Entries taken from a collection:
▶
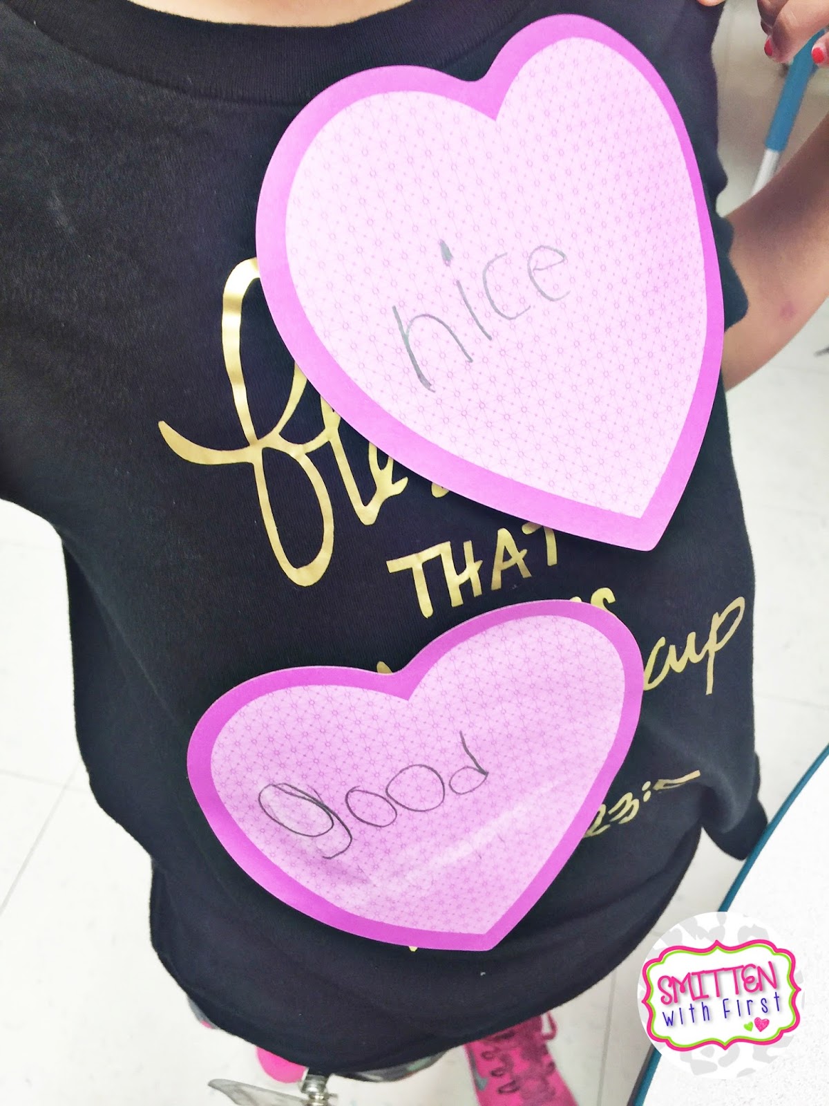 I wrote down the inside traits on a heart sticky note and outside traits on a regular sticky note.
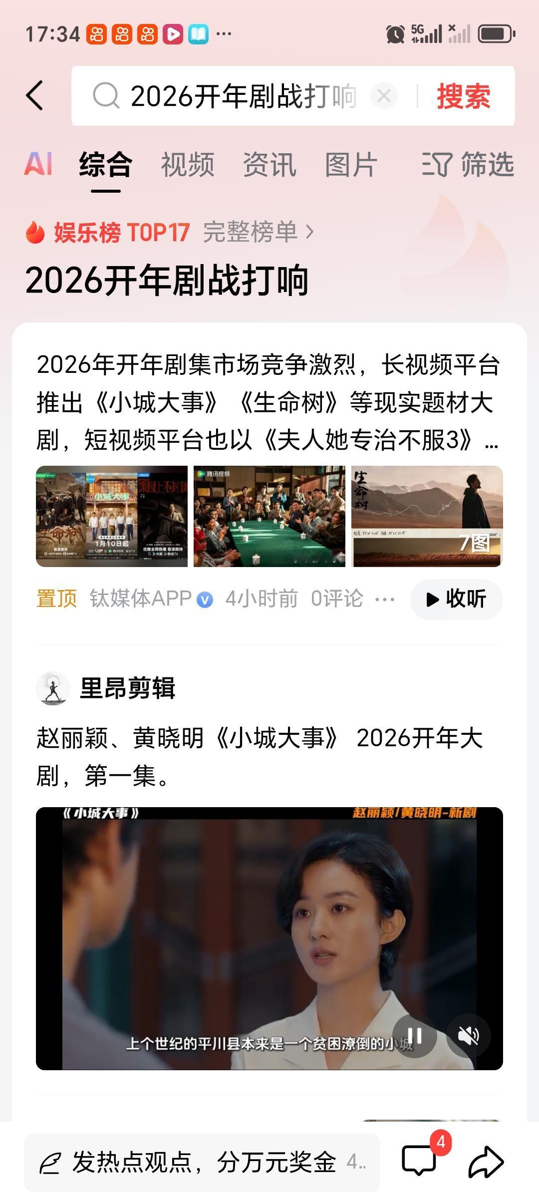 2026开年剧战打响 2026开年剧战打得火热,长视频平台“神仙打架”,短视频也来“虎口夺食”。像《繁花》《人世间》《狂飙》这些现象级大剧都是开年爆款,今年各大平台自然不会示弱。 目前赵丽颖、黄晓明主演的《小城大事》已经开播。它讲的是上世纪80年代干部带领农民在滩涂建城的故事,剧情节奏快,不到两集就定了书记人选。但磨皮滤镜太重,失了年代剧的质感,被吐槽像小品。赵丽颖的演技和台词也遭差评,独白没感情,演讲又像诗朗诵。此外,储备片单里还有《太平年》《生命树》等剧,这“开年首爆”之争够精彩!
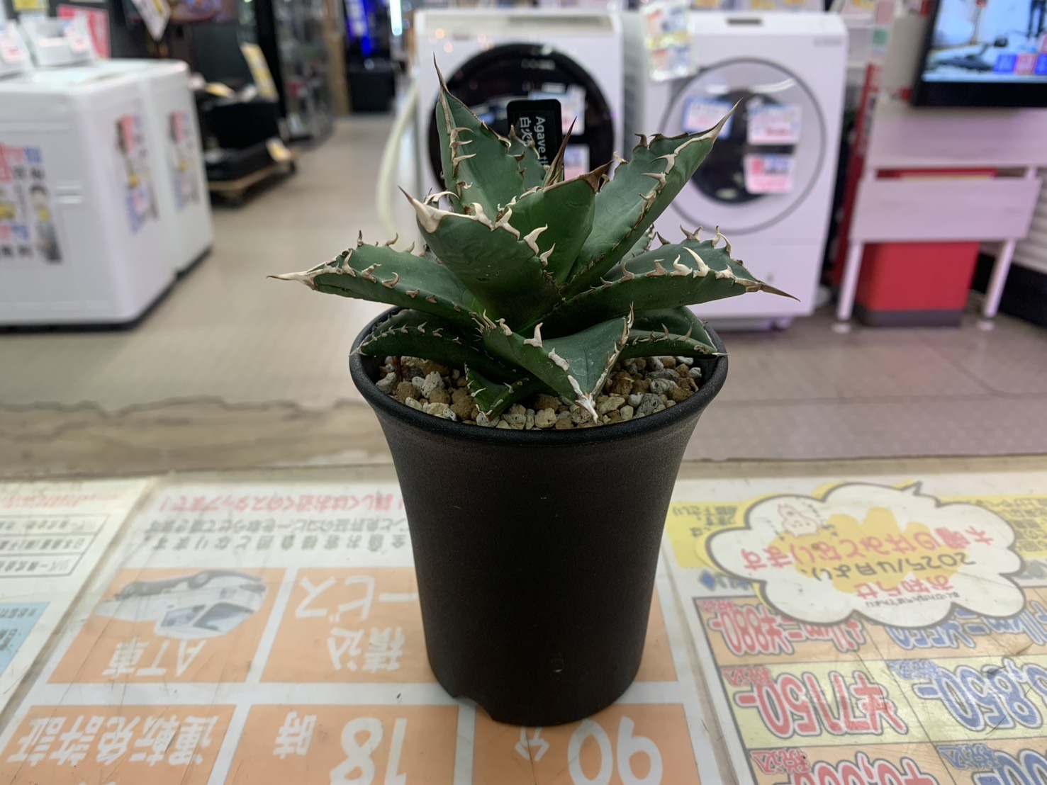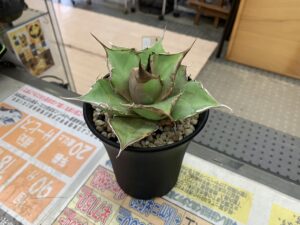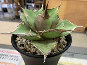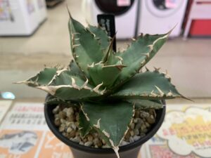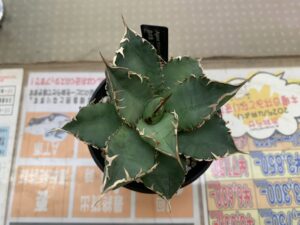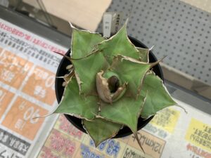肉厚の葉でサイドの棘はあんまり発達しない代わりに、葉先の部分に白く強い鋸歯を持つとても魅力的なタイプ。
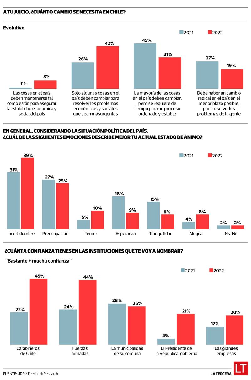Según esta encuesta -llevada a cabo cara a cara en hogares de 49 comunas de la Región Metropolitana, Valparaíso y Biobío, entre el 5 de octubre y 4 de noviembre-, el 42% apunta a que “solo algunas cosas en el país deben cambiar para resolver los problemas económicos y sociales que sean más urgentes”. En el estudio de 2021, solo el 26% pensaba de esa manera. A su vez, el 31% de los encuestados dijo que “la mayoría de las cosas deben cambiar, pero se requiere de un tiempo para un proceso ordenado y estable”. El año pasado, ese porcentaje se situó en 45%. En cuanto al apoyo a “un cambio radical en el país en el menor plazo posible, para resolver los problemas de la gente”, este bajó de 27% a 19%.
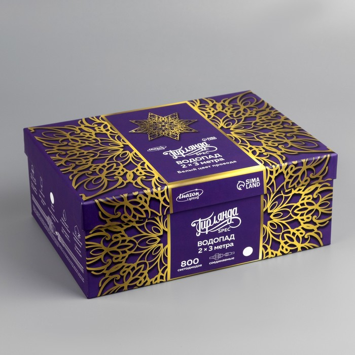 Гирлянда «Водопад» 2 × 3 м, IP44, УМС, белая нить, 800 LED, свечение белое, 8 режимов, 220 В
◀
*Exercise goal*.
All the records above must be retyped exactly, except for their pictures.

*Result for this exercise*.
 I wrote down the inside traits on a heart sticky note and outside traits on a regular sticky note.
 2026开年剧战打响 2026开年剧战打得火热,长视频平台“神仙打架”,短视频也来“虎口夺食”。像《繁花》《人世间》《狂飙》这些现象级大剧都是开年爆款,今年各大平台自然不会示弱。 目前赵丽颖、黄晓明主演的《小城大事》已经开播。它讲的是上世纪80年代干部带领农民在滩涂建城的故事,剧情节奏快,不到两集就定了书记人选。但磨皮滤镜太重,失了年代剧的质感,被吐槽像小品。赵丽颖的演技和台词也遭差评,独白没感情,演讲又像诗朗诵。此外,储备片单里还有《太平年》《生命树》等剧,这“开年首爆”之争够精彩!
肉厚の葉でサイドの棘はあんまり発達しない代わりに、葉先の部分に白く強い鋸歯を持つとても魅力的なタイプ。
Según esta encuesta -llevada a cabo cara a cara en hogares de 49 comunas de la Región Metropolitana, Valparaíso y Biobío, entre el 5 de octubre y 4 de noviembre-, el 42% apunta a que “solo algunas cosas en el país deben cambiar para resolver los problemas económicos y sociales que sean más urgentes”. En el estudio de 2021, solo el 26% pensaba de esa manera. A su vez, el 31% de los encuestados dijo que “la mayoría de las cosas deben cambiar, pero se requiere de un tiempo para un proceso ordenado y estable”. El año pasado, ese porcentaje se situó en 45%. En cuanto al apoyo a “un cambio radical en el país en el menor plazo posible, para resolver los problemas de la gente”, este bajó de 27% a 19%.
 Гирлянда «Водопад» 2 × 3 м, IP44, УМС, белая нить, 800 LED, свечение белое, 8 режимов, 220 В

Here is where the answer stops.